REQUIRED WORK
In the records that follow, the lines from the one containing "Cadre de lit" to the one containing "Αναγνωστικό Ε΄ Δημοτικού", inclusive, are to be given again exactly.

RECORDS PROVIDED
---------------

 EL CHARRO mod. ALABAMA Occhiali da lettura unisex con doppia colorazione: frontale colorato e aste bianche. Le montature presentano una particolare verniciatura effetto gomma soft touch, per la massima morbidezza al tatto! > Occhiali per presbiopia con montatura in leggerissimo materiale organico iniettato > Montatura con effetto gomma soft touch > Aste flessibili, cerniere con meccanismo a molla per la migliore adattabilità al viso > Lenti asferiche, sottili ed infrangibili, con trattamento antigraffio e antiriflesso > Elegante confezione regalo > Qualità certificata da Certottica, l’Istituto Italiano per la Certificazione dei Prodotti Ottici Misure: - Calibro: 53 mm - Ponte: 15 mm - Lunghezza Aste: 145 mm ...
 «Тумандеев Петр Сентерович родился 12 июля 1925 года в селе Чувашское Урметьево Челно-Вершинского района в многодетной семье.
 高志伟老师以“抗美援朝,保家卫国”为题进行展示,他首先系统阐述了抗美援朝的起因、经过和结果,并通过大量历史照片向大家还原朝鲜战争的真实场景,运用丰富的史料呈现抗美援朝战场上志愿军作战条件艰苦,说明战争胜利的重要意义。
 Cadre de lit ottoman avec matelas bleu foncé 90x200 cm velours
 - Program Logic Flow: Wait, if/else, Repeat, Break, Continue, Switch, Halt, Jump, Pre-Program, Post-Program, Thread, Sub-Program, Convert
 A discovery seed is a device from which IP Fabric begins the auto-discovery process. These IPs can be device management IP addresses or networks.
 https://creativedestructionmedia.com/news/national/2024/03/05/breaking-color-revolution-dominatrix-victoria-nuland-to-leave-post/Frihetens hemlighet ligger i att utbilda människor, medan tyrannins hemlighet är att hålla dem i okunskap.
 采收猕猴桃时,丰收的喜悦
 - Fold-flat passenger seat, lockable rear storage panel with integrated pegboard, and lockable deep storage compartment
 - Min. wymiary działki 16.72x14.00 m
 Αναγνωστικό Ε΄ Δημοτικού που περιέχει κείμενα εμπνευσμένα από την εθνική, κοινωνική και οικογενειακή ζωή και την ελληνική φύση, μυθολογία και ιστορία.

---------------

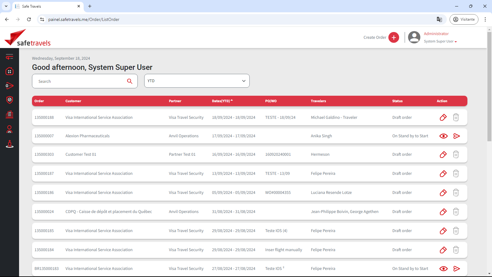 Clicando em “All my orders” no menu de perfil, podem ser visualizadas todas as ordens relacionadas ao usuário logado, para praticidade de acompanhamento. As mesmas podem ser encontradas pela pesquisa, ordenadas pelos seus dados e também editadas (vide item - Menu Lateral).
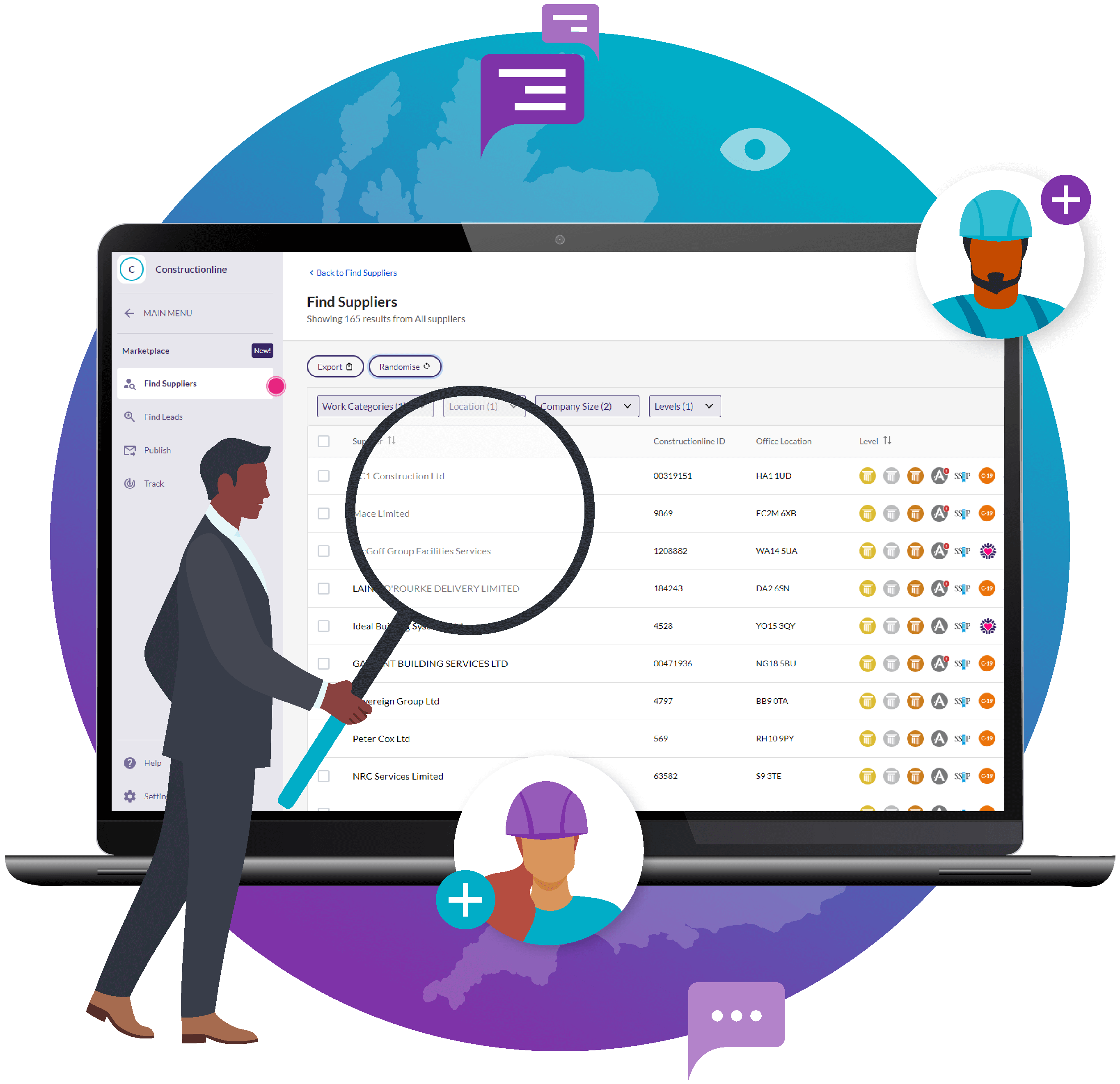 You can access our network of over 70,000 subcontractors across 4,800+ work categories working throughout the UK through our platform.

---------------

TASK RESPONSE
 Cadre de lit ottoman avec matelas bleu foncé 90x200 cm velours
 - Program Logic Flow: Wait, if/else, Repeat, Break, Continue, Switch, Halt, Jump, Pre-Program, Post-Program, Thread, Sub-Program, Convert
 A discovery seed is a device from which IP Fabric begins the auto-discovery process. These IPs can be device management IP addresses or networks.
 https://creativedestructionmedia.com/news/national/2024/03/05/breaking-color-revolution-dominatrix-victoria-nuland-to-leave-post/Frihetens hemlighet ligger i att utbilda människor, medan tyrannins hemlighet är att hålla dem i okunskap.
 采收猕猴桃时,丰收的喜悦
 - Fold-flat passenger seat, lockable rear storage panel with integrated pegboard, and lockable deep storage compartment
 - Min. wymiary działki 16.72x14.00 m
 Αναγνωστικό Ε΄ Δημοτικού που περιέχει κείμενα εμπνευσμένα από την εθνική, κοινωνική και οικογενειακή ζωή και την ελληνική φύση, μυθολογία και ιστορία.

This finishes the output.